(Records contained in a dataset)
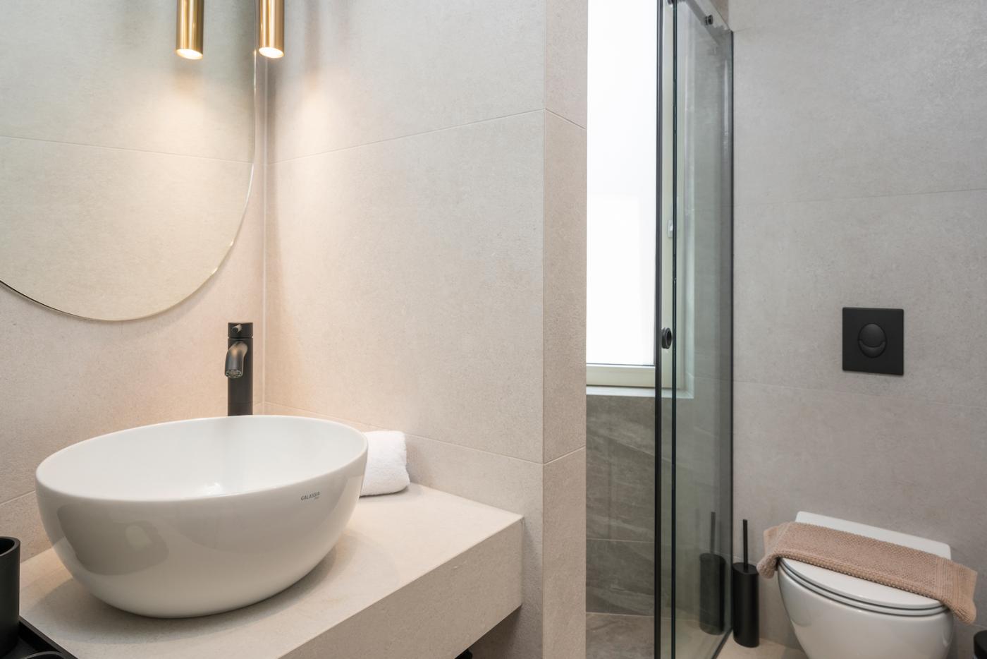Each of the five bedrooms features a large opening with an excellent view and a private bathroom for ultimate comfort and privacy. In two of the bedrooms, there is the possibility of adjusting two single beds, making it ideal for families with children.
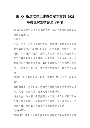 在 XX 街道党群工作办公室党支部 2025 年度组织生活会上的讲话
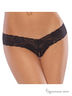 Ажурные черные трусики-тонг с заниженной линией талии выполнены из эластичного материала. Пикантный разрез украшен декоративным бантиком. Размер увеличенный универсальный.
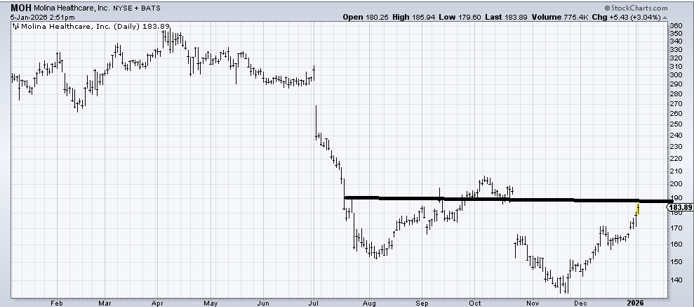 Molina Healthcare (MOH) should run into some short-term trouble in the 190-195 area. That is resistance, and a gap fill, and a measured target. But if it then pulls back toward 170-175, it would probably be buyable again.
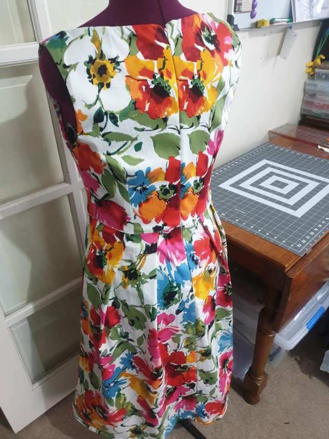 My jacket started life as a dress that a friend gave me. She didn’t like it, but she thought the linen-cotton blend fabric was nice and the print was cool. She gave me a challenge to refashion it. Challenge accepted! Here’s the before look:
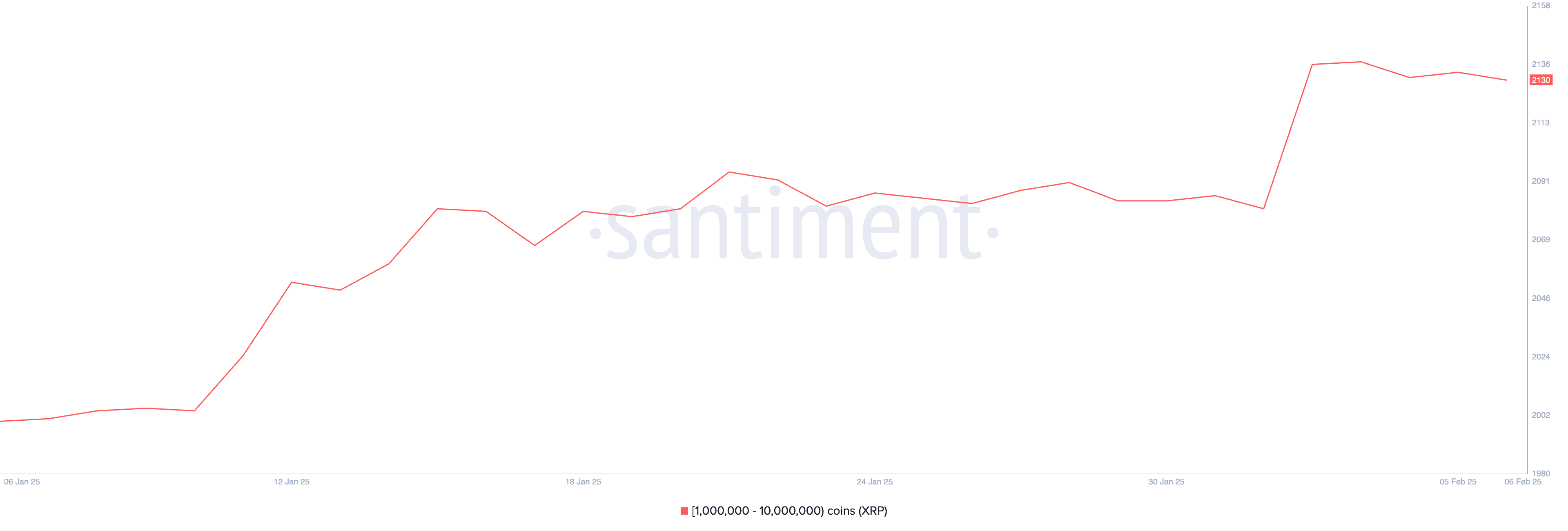 The number of XRP whales – addresses holding between 1,000,000 and 10,000,000 XRP – currently stands at 2,130. This figure surged from 2,081 to 2,136 between February 1 and February 2, indicating a sharp accumulation phase before slowly declining.

| Exercise instructions |
In the data above, find the line containing "Ажурные черные трусики-тонг", then output it and every later line exactly, without the pictures.

| Solution for this exercise |
 Ажурные черные трусики-тонг с заниженной линией талии выполнены из эластичного материала. Пикантный разрез украшен декоративным бантиком. Размер увеличенный универсальный.
 Molina Healthcare (MOH) should run into some short-term trouble in the 190-195 area. That is resistance, and a gap fill, and a measured target. But if it then pulls back toward 170-175, it would probably be buyable again.
 My jacket started life as a dress that a friend gave me. She didn’t like it, but she thought the linen-cotton blend fabric was nice and the print was cool. She gave me a challenge to refashion it. Challenge accepted! Here’s the before look:
 The number of XRP whales – addresses holding between 1,000,000 and 10,000,000 XRP – currently stands at 2,130. This figure surged from 2,081 to 2,136 between February 1 and February 2, indicating a sharp accumulation phase before slowly declining.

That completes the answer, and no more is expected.